In the person of Reza Pahlavi, the Bush administration unquestionably has found an ideological soul mate, though one who is apparently a subject of near universal ridicule and revulsion in Iran itself. The cementing of ties with the son of the former dictator only underscores the real agenda sought by Washington behind the talk of promoting “democracy” in Iran.
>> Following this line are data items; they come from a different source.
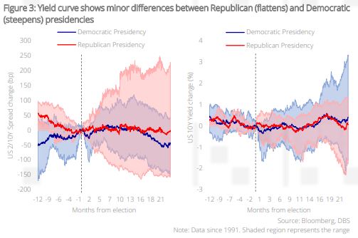 Presidencies and the yield curve. The yield curve however does seem to show slight differences – Under Republican presidencies, curves appear to flatten in the one-year period before and after elections, while democratic presidencies see steepening in the same timeframe. Once again, the data on average shows little discrepancy between Republican or Democratic presidencies, but it is interesting to note that the ranges can be quite variable – for example, the 10Y UST yield under Republican presidencies appear to inhabit a lower range of yields two years after elections, while the range under Democratic presidencies appears quite wide.
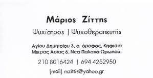 Ψυχίατροι ΜΑΡΙΟΣ ΖΙΤΤΗΣ-ΨΥΧΙΑΤΡΟΣ ΚΗΦΙΣΙΑ Αγίου Δημητρίου 3 Κηφισιά Πληροφορίες Επιχείρησης: Αγίου Δημητρίου 3 Κηφισιά 14562 2108016424 6944252950 Κος Ζίττης 35.2015175 24.1380312 588 Περιγραφή Επιχείρησης: ΖΙΤΤΗΣ ΜΑΡΙΟΣ Ψυχίατρος-Ψυχοθεραπευτής
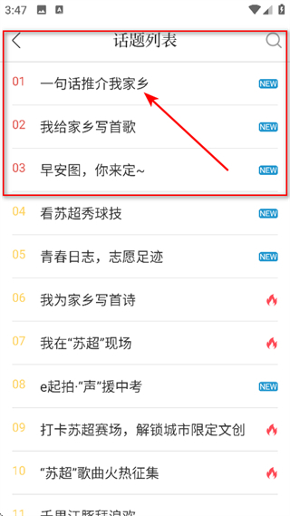 3、在話題列表頁(yè)面,選擇要參與的話題,如一句話推介我家鄉(xiāng)。
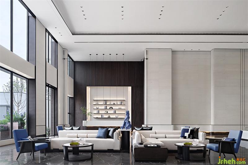 简洁轻快的氛围里加入一点明魅的蓝,目光所及悠扬愉悦,五感交互时心跳的频率与空间产生共鸣,我们希望通过设计拉近城市与自然之间的距离。

As in Iraq, its principal aim is the installation of a repressive US puppet regime that will privatize the country’s oil industry and turn it over to the US-based energy corporations.
Despite differences within the administration, the Washington Post reported that the State Department appeared ready to bow to the push by the Pentagon for a policy of destabilizing the Iranian regime.
A number of prominent Democrats have indicated that the administration would likewise face no significant opposition in Congress if it embarks on another, far more dangerous, chapter of military aggression in the Persian Gulf.
Senator Joseph Biden, the senior Democrat on the Senate Foreign Relations Committee, indicated that any differences on Iranian policy were limited to tactics and timing. Appearing on NBC’s “Today” show, Biden cautioned that the US military operations in Afghanistan and Iraq were still far from completion.
“We’ve got a long way to go there,” he said of Iraq. “I don’t think we should be biting off more than we can chew right now.”
Rep. Jane Harman (D-Calif.), the ranking Democrat on the House Intelligence Committee, said on CBS’s “Face the Nation” that Iran represented “more of a clear and present danger than Iraq last year.”
For his part, Senator Joseph Lieberman (D-Ct.) enthusiastically embraced the administration’s adoption of a state policy of “regime change.”
Responding to the talk of a new policy of aggression aimed at Iran, the spokesman for the country’s Foreign Ministry, Reza Asefi, stated, “We hope that wisdom and logic dominates the Americans’ debates and they refrain from carrying out any interference in our affairs.” The spokesman added, “Iran has always defended its interests with full power and will continue to do so. It won’t hesitate even for a fraction of a moment to defend itself.”